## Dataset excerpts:
■ ■ ■ ■ ■
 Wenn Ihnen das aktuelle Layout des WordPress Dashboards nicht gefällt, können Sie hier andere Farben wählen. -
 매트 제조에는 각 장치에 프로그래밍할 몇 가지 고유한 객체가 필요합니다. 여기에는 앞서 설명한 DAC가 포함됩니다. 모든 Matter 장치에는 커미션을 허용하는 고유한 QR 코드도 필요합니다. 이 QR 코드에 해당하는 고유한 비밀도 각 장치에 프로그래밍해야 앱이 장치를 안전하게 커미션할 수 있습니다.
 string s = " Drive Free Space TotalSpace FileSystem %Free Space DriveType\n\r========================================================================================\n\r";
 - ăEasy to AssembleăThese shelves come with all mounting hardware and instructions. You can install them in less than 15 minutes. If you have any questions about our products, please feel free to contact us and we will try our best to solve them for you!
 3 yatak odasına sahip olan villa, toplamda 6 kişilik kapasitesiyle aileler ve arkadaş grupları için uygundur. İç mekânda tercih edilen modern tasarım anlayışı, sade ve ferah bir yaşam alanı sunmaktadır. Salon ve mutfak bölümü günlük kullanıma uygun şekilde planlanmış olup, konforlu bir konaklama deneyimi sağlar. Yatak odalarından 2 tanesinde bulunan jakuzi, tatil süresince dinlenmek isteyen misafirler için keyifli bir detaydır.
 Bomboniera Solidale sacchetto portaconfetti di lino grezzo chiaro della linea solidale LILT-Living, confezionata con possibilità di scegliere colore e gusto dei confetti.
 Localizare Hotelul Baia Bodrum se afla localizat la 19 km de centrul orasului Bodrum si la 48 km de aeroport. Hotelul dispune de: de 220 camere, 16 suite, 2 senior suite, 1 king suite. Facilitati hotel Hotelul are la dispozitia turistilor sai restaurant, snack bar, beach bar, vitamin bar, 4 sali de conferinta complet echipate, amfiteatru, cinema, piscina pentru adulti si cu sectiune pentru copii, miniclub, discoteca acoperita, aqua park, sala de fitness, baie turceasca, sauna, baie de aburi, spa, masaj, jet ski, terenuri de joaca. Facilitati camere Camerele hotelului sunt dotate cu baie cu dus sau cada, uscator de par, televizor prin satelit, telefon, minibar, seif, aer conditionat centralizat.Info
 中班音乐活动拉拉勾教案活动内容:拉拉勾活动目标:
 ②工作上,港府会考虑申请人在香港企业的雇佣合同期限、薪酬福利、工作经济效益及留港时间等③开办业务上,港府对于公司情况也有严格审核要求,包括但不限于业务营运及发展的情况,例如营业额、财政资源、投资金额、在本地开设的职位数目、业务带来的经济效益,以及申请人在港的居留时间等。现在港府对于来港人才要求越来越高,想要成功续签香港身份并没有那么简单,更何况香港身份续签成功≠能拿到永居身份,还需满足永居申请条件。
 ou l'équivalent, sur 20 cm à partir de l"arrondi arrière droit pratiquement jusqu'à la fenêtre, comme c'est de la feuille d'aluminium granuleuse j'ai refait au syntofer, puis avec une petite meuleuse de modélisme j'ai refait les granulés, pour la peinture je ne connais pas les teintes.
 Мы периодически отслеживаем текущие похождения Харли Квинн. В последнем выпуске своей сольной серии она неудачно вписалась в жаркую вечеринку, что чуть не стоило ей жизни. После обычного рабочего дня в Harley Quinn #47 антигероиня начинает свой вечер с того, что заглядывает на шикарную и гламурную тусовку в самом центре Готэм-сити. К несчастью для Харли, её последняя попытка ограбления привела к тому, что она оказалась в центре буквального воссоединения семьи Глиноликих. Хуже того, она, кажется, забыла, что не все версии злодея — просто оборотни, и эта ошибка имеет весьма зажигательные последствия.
■ ■ ■ ■ ■
## WHAT YOU HAVE TO DO:
Copy the records above exactly, please, but only from the first line through the line containing "매트 제조에는 각 장치에".

## ANSWER BELOW:
 Wenn Ihnen das aktuelle Layout des WordPress Dashboards nicht gefällt, können Sie hier andere Farben wählen. -
 매트 제조에는 각 장치에 프로그래밍할 몇 가지 고유한 객체가 필요합니다. 여기에는 앞서 설명한 DAC가 포함됩니다. 모든 Matter 장치에는 커미션을 허용하는 고유한 QR 코드도 필요합니다. 이 QR 코드에 해당하는 고유한 비밀도 각 장치에 프로그래밍해야 앱이 장치를 안전하게 커미션할 수 있습니다.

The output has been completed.